PSS Test Vector Generator

This document describes the process for making test vectors (simulated pulsar search data products) for the purpose of testing pulsar and fast-transient search algorithms.

The output test vectors are in Sigproc filterbank format, and can be used as input to the PSS pipeline for testing. Each file consists of Gaussian noise superposed with a simulated pulsar signal with user-defined spin parameters. The default output files are based on a typical SKA pulsar search beam with 4096 frequency channels, 64-us time resolution, 600-s integration time, and 8-bit samples. This results in each test vector having a size of 36 GB. If needed, the file parameters can also be modified by the user.

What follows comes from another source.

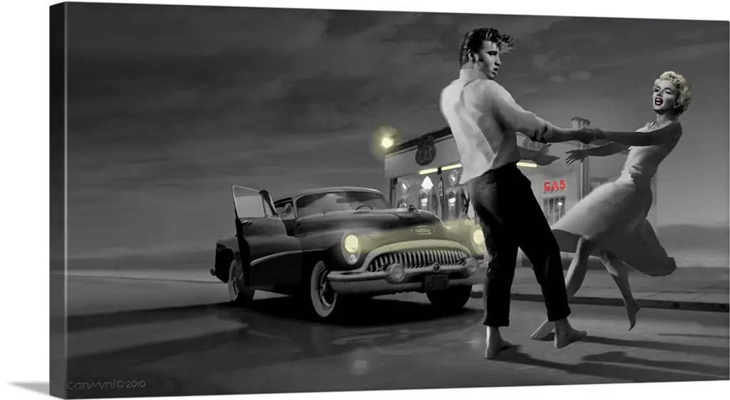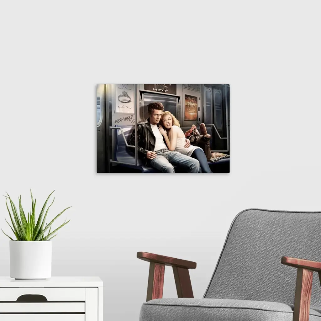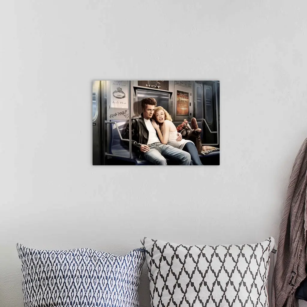 Digital art painting of Marilyn and James Dean on a subway ride by JJ Brando.

The PSS Test Vector Generator docker image

All relevant dependences and scripts needed to run the Test Vector Generator is included in a docker image, set up through the Docker File. The docker image is also available in:

Running the PSS Test Vector Generator pipeline

From inside the docker image, to run the Test Vector Generation pipeline, simply type:

>> python -m <mode> -d <path to yaml directory> -o <output directory>

where <mode> is one of the following:

  • DDTR
  • FLDO

Each of these modes is described in a .yaml file, which are located in the examples directory. Alternatively, a custom made mode can be used by creating a .yaml file following the syntax in e.g. test.yaml, which is also included in the examples directory.

The pipeline will then create a filterbank file containing Gaussian noise (noise.fil), as many pulse profile files as has been specified in the .yaml file and then use these to inject simulated pulsars with the specified pulsar paramters. All output files will be put into the specified output directory, including the noise file (noise.fil) and profile files (*.asc).


Some parts of the pipeline are optimised with open-mp. Depending on your computer set-up, you may want to specify the number of CPU cores avaliable to the pipeline before starting up. This can be done by running:

>> export OMP_NUM_THREADS=<xx>

where <xx> is the number of CPU cores.